Also not mentioned is possible compensation towards the elves for a job well done. Perhaps excess chocolate chip cookies are given as holiday bonuses to high performing elves? Certainly seems more in character that Santa pays his employees rather than works them as a jolly ol' slave driver... Maybe elves are payed in yummy goodies rather than money like Oompa Loompas and coco beans and North Koreans and Moon Pies (I'm serious about that too... the North Koreans love the Moon Pie and on more than one occasion an influx has threatened to crash their entire economy.). It certainly seems reasonable for a people who believed proper medical dental care was a taboo until the 1960s.

Number wise, 7 billion cookies seems a bit excessive. Christianity as a whole only has 2.3 billion followers, 1/3 of the total seven billion. Secondly, the offering is made per household, not per individual person. The number is massive, but 7 billion is a stretch. While the true size of the take is unknown, we must also factor in non-christian households that participate along with Christian sects that do not participate and regional customs that have different gift rules and even differet delivery days (Feast of Saint Nicholas is Dec. 6th and some cultures do the gifts then with the 25th being purely about the Nativity of Jesus). Still other cultures don't do milk or cookies or both... for example, its custom in Great Briton to leave Santa a glass of Brandy rather than milk... which would explain why his nose looks like a cherry by the time he gets state-side.

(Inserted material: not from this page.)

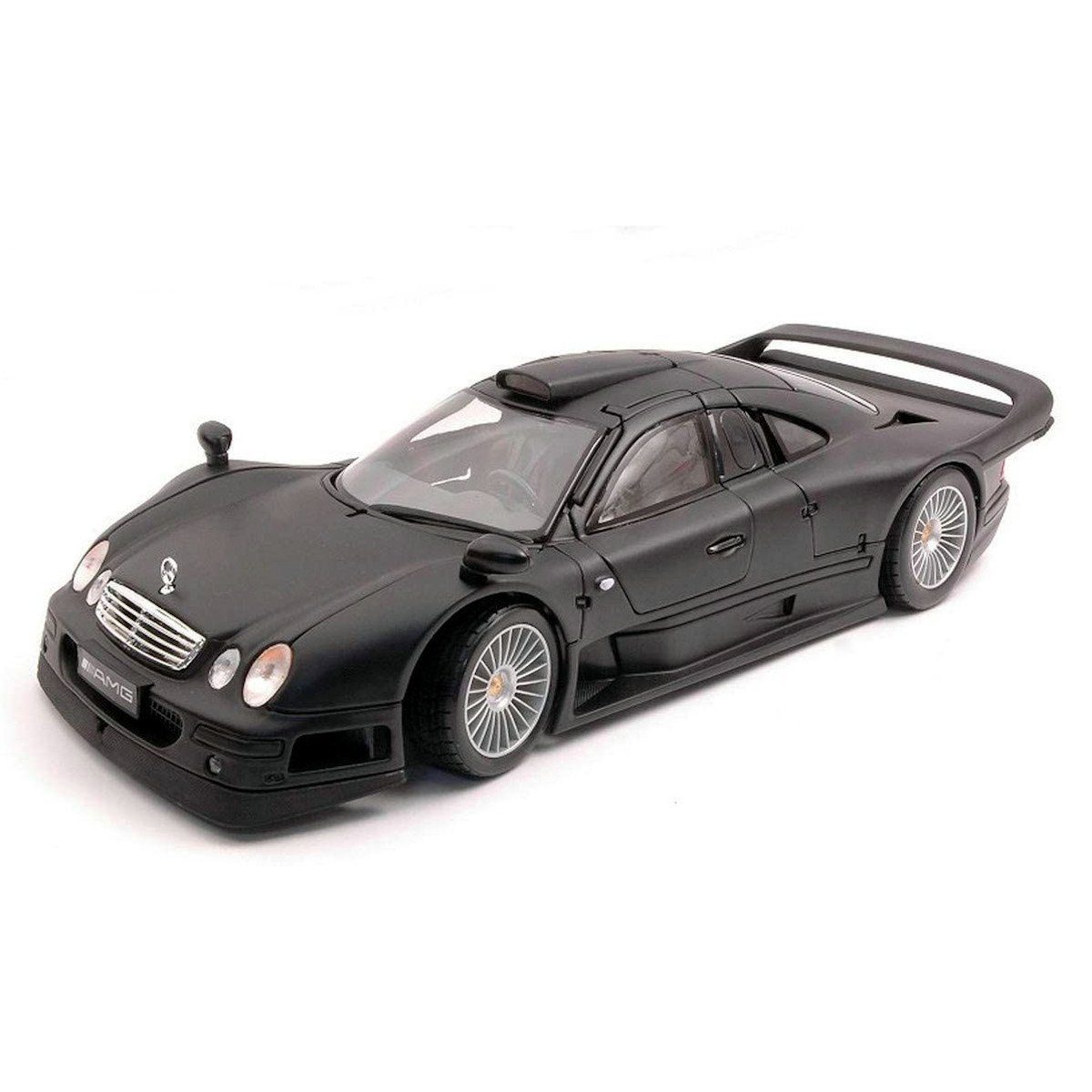 Entdecke die Eleganz und die beeindruckende Präsenz des legendären Mercedes CLK GTR in einer makellosen, schwarzen Ausführung! Dieses detailgetreue Modell im Maßstab 1:18 bringt die kraftvolle Ästhetik dieses Rennwagens direkt in dein Zuhause.

Finally, everyone seems to forget about the true nature of Santa Clause, aka Saint Nicholas, who's patronage includes children and is famous for his secret gift giving. Perhaps, when the elves are paid and the year is stockpiled for, Santa will still have excess cookies... Knowing the man, such a waste of food would be terrible and it could be reasonable that Santa will use some of the Cookie take to give gifts to children who through circumstance would not be able to have a proper Christmas meal. I'm pretty sure the big guy won't mind if some of the people in the west even sent some of those cookies to the needy and cut out the middle man, since by the time he gets to North America, it's reasonable he had his fill for the night.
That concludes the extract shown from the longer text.